A new twist from Simone Leigh – The artist, whose critically acclaimed work took over the American pavilion in Venice last year, has opened a major investigation at ICA Boston. A profile in the FinancialTimes describes her illustrious career, from humble beginnings making pinch pots as a young mother and still finishing her BA. Leigh has spoken of her abandoning explorations of colonial history to focus instead on the aftermath of colonization, and how she has worked to broaden her view of art worlds beyond the United States (FinancialTimes)

Sotheby’s relaunches Glitch sale following backlash – After coming under fire for the lack of female representation in its latest planned sale, “Glitch-ism,” the auction house has relaunched the sale as “Glitch: Beyond Binary.” The new, more inclusive sale, which begins April 19, will feature 34 NFTs from artists from the “glitch art” movement, a movement that embraces and explores errors in art. (CoinDesk)

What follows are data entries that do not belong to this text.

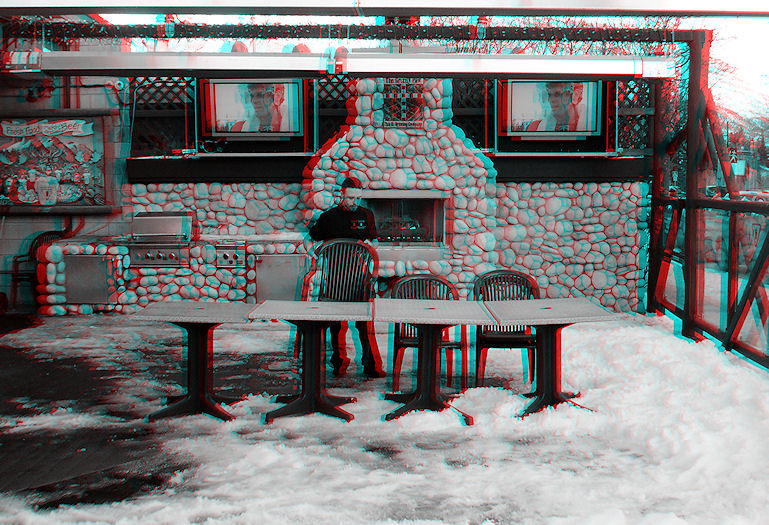 The Sunday we were in Canmore they were staging the Heritage Classic outdoor hockey game in Calgary. This restaurant couldn't handle the crowds that showed up to watch the game and was busily setting up overflow seating on its patio out front. They're a hardy bunch those Canmore folks. |
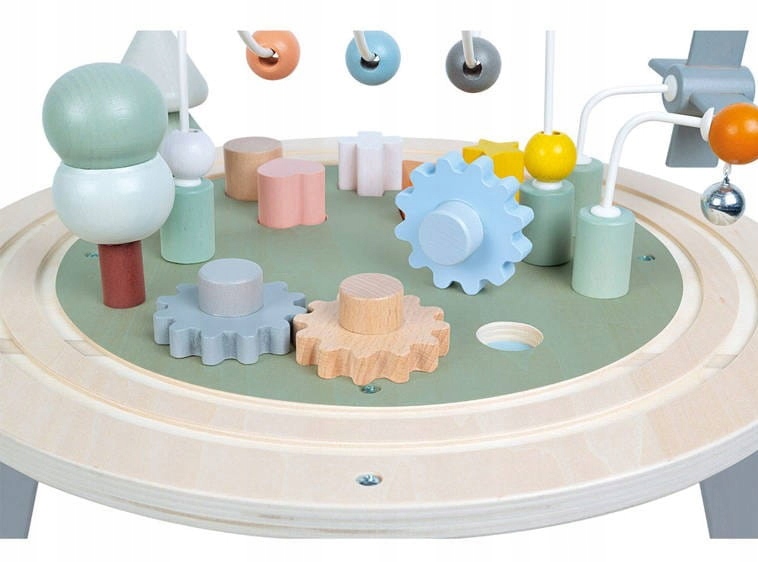Елементи на стільниці створюють чарівний мікросвіт в якому є доріжка для 2 автомобілів, що входять в комплект, петля з 6 кульками для пересування, дві металеві штанги - одна з обертовим дерев'яним вітряком, інша з кулькою з дзвоном ( транспортні засоби врізалися в нього під час руху по доріжці), 3 зубчастих колеса, 5 блоків різної форми - для розміщення у відповідних отворах (функція сортування) та два дерева - піраміди з елементи корони для зняття і одягання (по 2 на кожен).
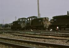 CR 8536 and 8496 may have seen their last operating days as they rest in a line of SW-1's at Morrisville yard on June 14, 1980.
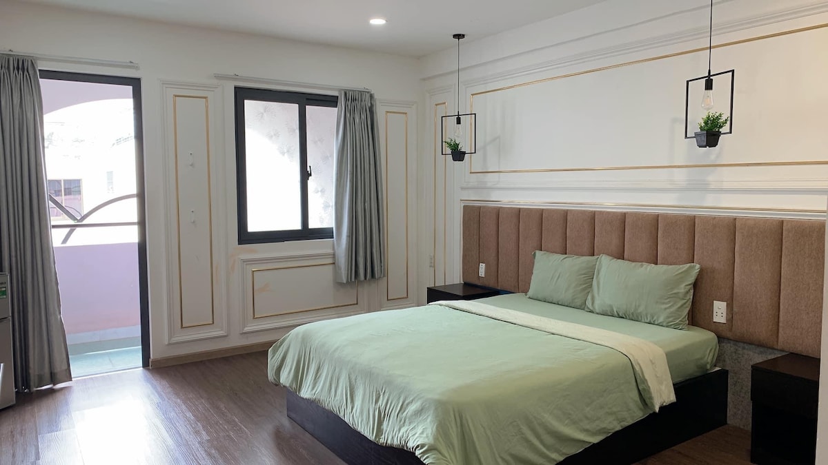 Elegant studio in District 3, just 10 mins to District 1. Spacious living area, modern bathroom, shared kitchen (24/7). Daily maid service (8am–8pm), free laundry, and motorbike parking included. Surrounded by great restaurants and convenience stores. Perfect for up to 3 guests seeking comfort, style, and location in the heart of Saigon.

TIME100 names the most influential people of 2023 – Artists Wolfgang Tillmans, Simone Leigh and El Anatsui are among those selected last year as the magazine’s “most influential people”. Visual artists are in good company, among other cultural luminaries like Jennifer Coolidge, Beyoncé and Neil Gaiman. (TIME)

Roberta Smith re-evaluates Cecily Brown – After panning the New York artist’s exhibition 23 years earlier, art critics have had a change of heart thanks, in part, to their new investigation, “Cecily Brown: Death and Maidat the Metropolitan Museum of Art. According to Smith, the new opinion of Brown, who exhibited 20 paintings and 25 drawings and prints, was not due to the development of the artist but to the expansion of Smith’s own taste. (New York Times)

MOVERS AND SHAKERS

Cy Gavin joins Gagosian – The Hudson Valley artist whose large-scale landscapes is inspired from his paternal homeland of Bermuda, joined the mega-gallery roster months after hosting a solo exhibition of his work at a New York outpost. Curator Antwaun Sargent said the work “questions that arises from a reflection on nature, its own relationship and historical relationship to the land…and people’s connection to a land”. His next exhibition with the gallery will take place in Rome this fall. (ART news)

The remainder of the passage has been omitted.